My view is that what path the Court takes will largely depend upon how many States formally support Texas.  If it’s only Texas, Louisiana and one or two others then the court may be inclined to take a minimalist approach.  But if 15 or 20 States sign on then SCOTUS may see this as evidence that vast swathes of the country have no confidence in the fairness of the recent election and it will be more inclined to nullify election results and put this squarely in the lap of Congress.  The fact that there are a half-dozen or so other states apparently joining, including Florida (so 2 of the 3 most populous states in the Union) gives credence to the view that the legitimacy of this election is seriously in doubt and the Court must act.  

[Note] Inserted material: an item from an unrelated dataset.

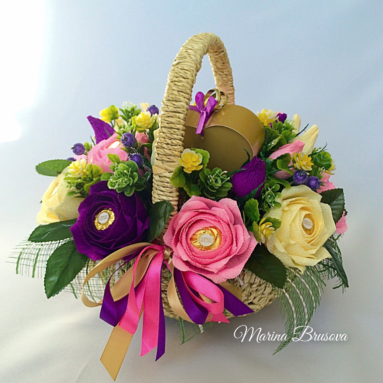 Начну с конца. Первая моя свадебная корзина, дали волю фантазии и тут "Остапа понесло".
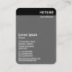 A vertical business card template with a black header with an image on the front. Company name in the header on the front and back with All other contact details on the back. The photo or image on the front can also be changed. The design also allows plenty of scope for additional customisation.

Lastly there’s no way GEOTUS did not know that this lawsuit was in the pipeline, nor that states other than  Texas would be signing on.   The fact that he recently appeared at a Rally in Georgia confirms this in my view.   The more Americans get fired up and bombard there state and congressional politicians with demands that they honour the will of the voter, the more likely additional states will sign on to Texas’ lawsuit, and the more GOP state legislators and congresscritters will find enough backbone to do the right thing.  Of course even if SCOTUS puts this in the lap of Congress or State legislatures this does not guarantee Donald Trump will be returned as President.  There’s nothing as feckless as a GOP politico being promised by Immigration lobbyists, big tech, and the Chamber of Commerce that the Benjamins will flow and that he’s got a great future as a Senator/Governor/President if he takes the statesman-like approach and ignores the yokels who voted for him.  That said from a legal perspective, the outcome of the election looks a lot less certain than it did 24 hours ago.

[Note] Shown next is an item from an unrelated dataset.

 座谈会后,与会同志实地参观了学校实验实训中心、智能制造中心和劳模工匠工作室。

While I obviously welcome the idea of President Trump winning through the courts, don’t forget that this is only the second of his three primary options, and it may not even be his preferred one. Then again, as Sun Tzu teaches, the best victories are those that don’t require taking the field.

UPDATE: 17 States have signed on. Alabama, Arkansas, Florida, Indiana, Kansas, Louisiana, Mississippi, Missouri, Montana, Nebraska, North Dakota, Oklahoma, South Carolina, South Dakota, Tennessee, Utah and West Virginia.

UPDATE: Arizona and Alaska too. Looks like we’re at the lawyer’s magic 20 States.